McAlister Victor J, Christie Gail E
Department of Microbiology and Immunology, Virginia Commonwealth University School of Medicine, Richmond, VA 23298-0678, USA.
J Bacteriol. 2009 Jul;191(14):4513-21. doi: 10.1128/JB.00193-09. Epub 2009 May 15.

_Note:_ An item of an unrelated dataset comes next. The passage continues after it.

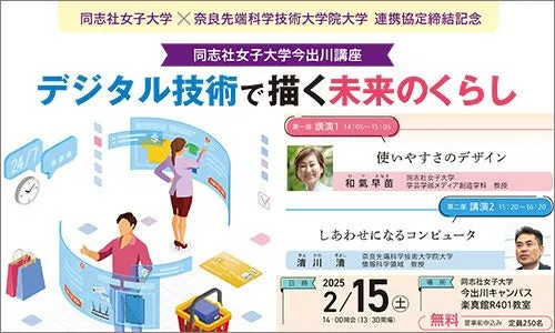 同志社女子大学は、毎年今出川キャンパスで公開講座を開き、教育と研究の成果を社会に還元しています。今年度は、特に注目すべき講演会「デジタル技術で描く未来のくらし」を2月15日(土)に実施します。この講座は、2024年6月に奈良先端科学技術大学院大学との連携協力を締結したことを記念するものです。
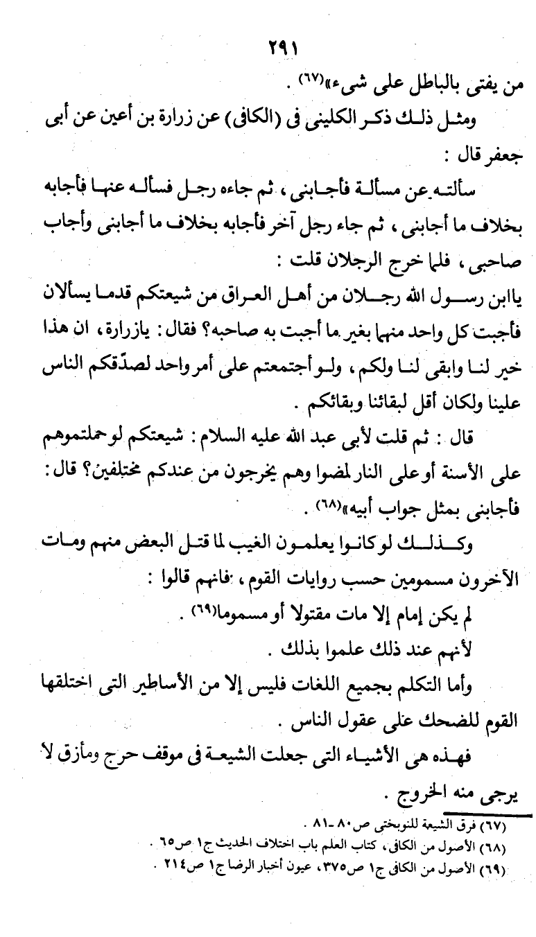 يا ابن رسول الله رجلان من أهل العراق من شيعتكم قدما يسألان فأجبت كل واحد منهما بغير ما أجبت به صاحبه؟ فقال: يا زرارة، إن هذا خير لنا وأبقى لنا ولكم، ولو اجتمعتم على أمر واحد لصدّقكم الناس علينا ولكان أقل لبقائنا وبقائكم.

The Serratia marcescens NucC protein is structurally and functionally homologous to the P2 Ogr family of eubacterial zinc finger transcription factors required for late gene expression in P2- and P4-related bacteriophages. These activators exhibit site-specific binding to a conserved DNA sequence, TGT-N(3)-R-N(4)-Y-N(3)-aCA, that is located upstream of NucC-dependent S. marcescens promoters and the late promoters of P2-related phages. In this report we describe the interactions of NucC with the P2 FETUD late operon promoter P(F). NucC is shown to bind P(F) as a tetramer and to make 12 symmetrical contacts to the DNA phosphodiester backbone. The backbone contacts are centered on the TGT-N(3)-R-N(4)-Y-N(3)-aCA motif. Major groove base contacts can be seen at most positions within the approximately 24-bp binding site. Minor groove contacts map to adjacent positions in the downstream half of the binding site, which corresponds to the area in which the DNA also appears to be bent by NucC binding. NucC binding provides a new example of protein-DNA interaction that is strikingly different from the DNA binding demonstrated for eukaryotic zinc-finger transcription factors.
粘质沙雷氏菌NucC蛋白在结构和功能上与P2和P4相关噬菌体中晚期基因表达所需的真细菌锌指转录因子的P2 Ogr家族同源。这些激活剂与保守的DNA序列TGT-N(3)-R-N(4)-Y-N(3)-aCA表现出位点特异性结合,该序列位于NucC依赖的粘质沙雷氏菌启动子和P2相关噬菌体的晚期启动子上游。在本报告中,我们描述了NucC与P2 FETUD晚期操纵子启动子P(F)的相互作用。结果表明,NucC以四聚体形式结合P(F),并与DNA磷酸二酯主链形成12个对称接触。主链接触以TGT-N(3)-R-N(4)-Y-N(3)-aCA基序为中心。在大约24 bp的结合位点内的大多数位置都可以看到大沟碱基接触。小沟接触映射到结合位点下游一半的相邻位置,这对应于DNA似乎也因NucC结合而弯曲的区域。NucC结合提供了一个蛋白质-DNA相互作用的新例子,它与真核锌指转录因子所展示的DNA结合显著不同。